## What is required
The output should be the listing below, limited to the lines from the one with "川底から砂を採取する船か?" through the one with "Ręcznie wykonane kolczyki", exact and without pictures.

## Source material
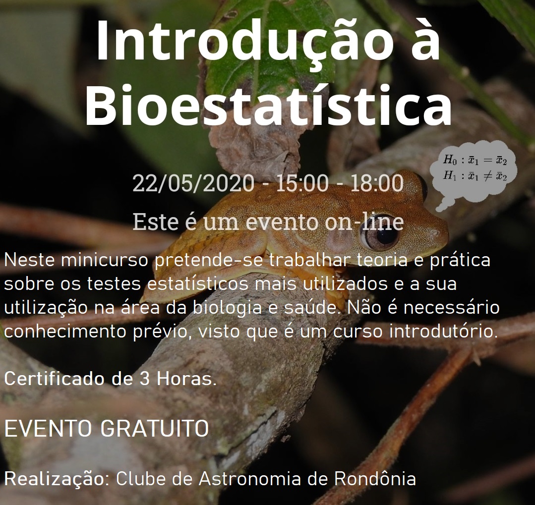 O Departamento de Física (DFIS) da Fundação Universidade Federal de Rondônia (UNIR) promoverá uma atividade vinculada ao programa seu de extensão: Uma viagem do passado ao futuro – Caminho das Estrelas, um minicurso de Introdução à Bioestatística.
--
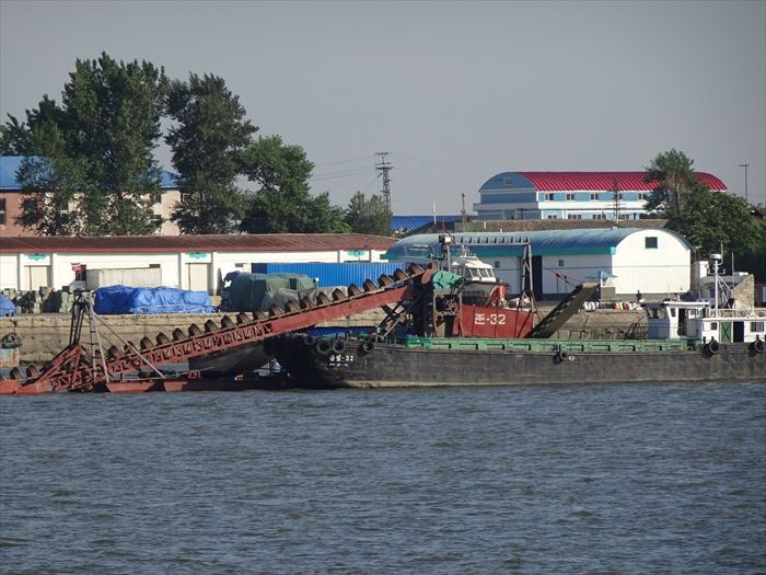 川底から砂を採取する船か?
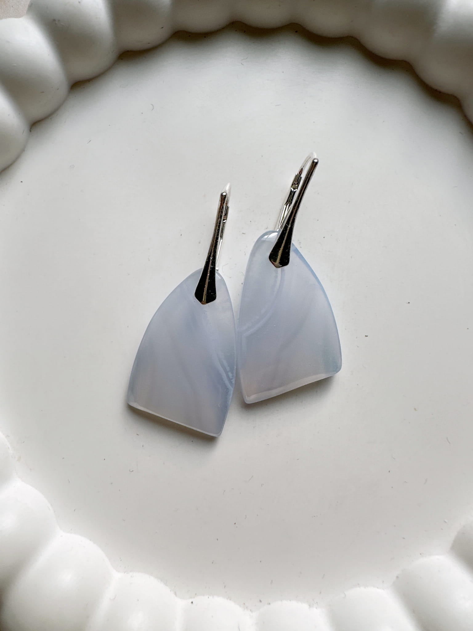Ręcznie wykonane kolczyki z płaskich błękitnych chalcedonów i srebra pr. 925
---
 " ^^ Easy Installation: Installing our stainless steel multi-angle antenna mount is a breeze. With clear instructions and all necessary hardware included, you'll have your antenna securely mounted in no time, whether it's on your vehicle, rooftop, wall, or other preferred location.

## Reply to the task
 川底から砂を採取する船か?
Ręcznie wykonane kolczyki z płaskich błękitnych chalcedonów i srebra pr. 925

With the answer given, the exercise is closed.